• _EXERCISE DETAILS_
Leave every picture out. Set down all the lines below exactly.

[Dataset records]
##############################

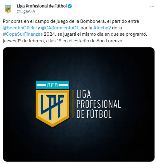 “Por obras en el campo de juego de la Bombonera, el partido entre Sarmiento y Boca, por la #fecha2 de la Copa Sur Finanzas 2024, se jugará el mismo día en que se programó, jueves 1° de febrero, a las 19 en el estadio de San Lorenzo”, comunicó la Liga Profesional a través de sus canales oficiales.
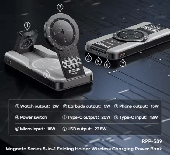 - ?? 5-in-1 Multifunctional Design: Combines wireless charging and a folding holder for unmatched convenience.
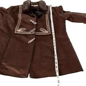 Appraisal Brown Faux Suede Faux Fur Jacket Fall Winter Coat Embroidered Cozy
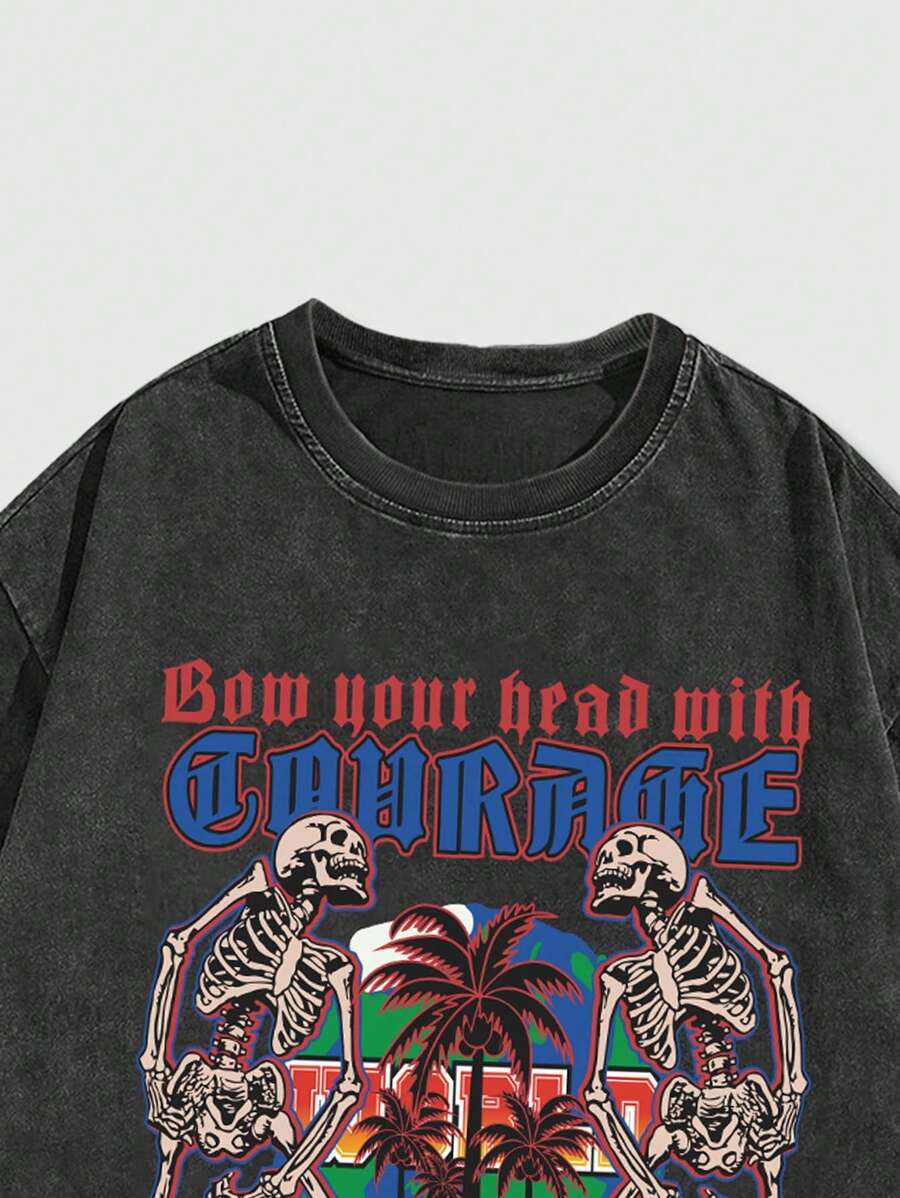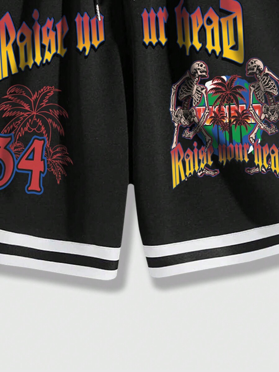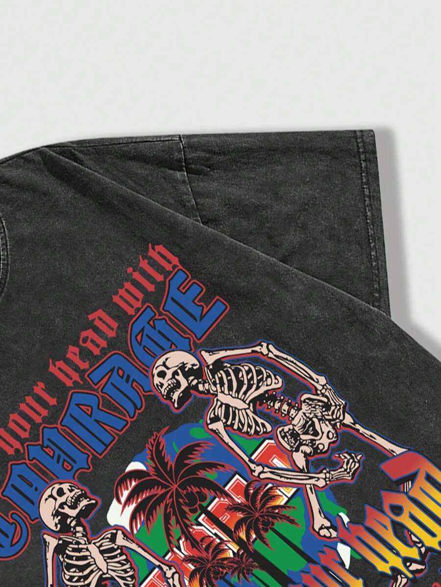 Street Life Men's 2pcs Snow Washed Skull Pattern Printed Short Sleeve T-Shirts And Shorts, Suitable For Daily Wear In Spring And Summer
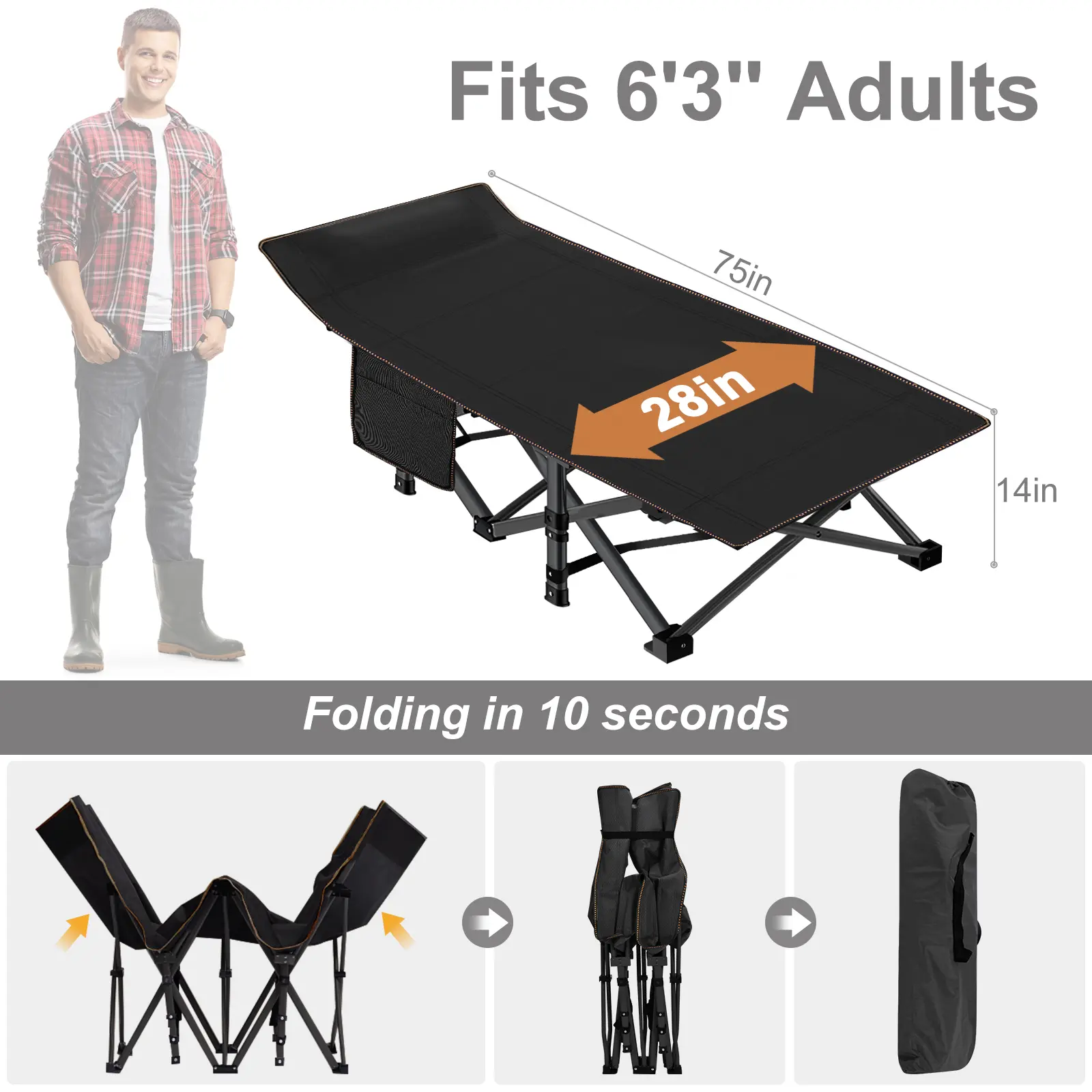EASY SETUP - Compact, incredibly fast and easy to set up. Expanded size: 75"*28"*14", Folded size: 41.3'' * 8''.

##############################

• _SOLUTION FOR THIS PROBLEM_
 “Por obras en el campo de juego de la Bombonera, el partido entre Sarmiento y Boca, por la #fecha2 de la Copa Sur Finanzas 2024, se jugará el mismo día en que se programó, jueves 1° de febrero, a las 19 en el estadio de San Lorenzo”, comunicó la Liga Profesional a través de sus canales oficiales.
 - ?? 5-in-1 Multifunctional Design: Combines wireless charging and a folding holder for unmatched convenience.
 Appraisal Brown Faux Suede Faux Fur Jacket Fall Winter Coat Embroidered Cozy
 Street Life Men's 2pcs Snow Washed Skull Pattern Printed Short Sleeve T-Shirts And Shorts, Suitable For Daily Wear In Spring And Summer
EASY SETUP - Compact, incredibly fast and easy to set up. Expanded size: 75"*28"*14", Folded size: 41.3'' * 8''.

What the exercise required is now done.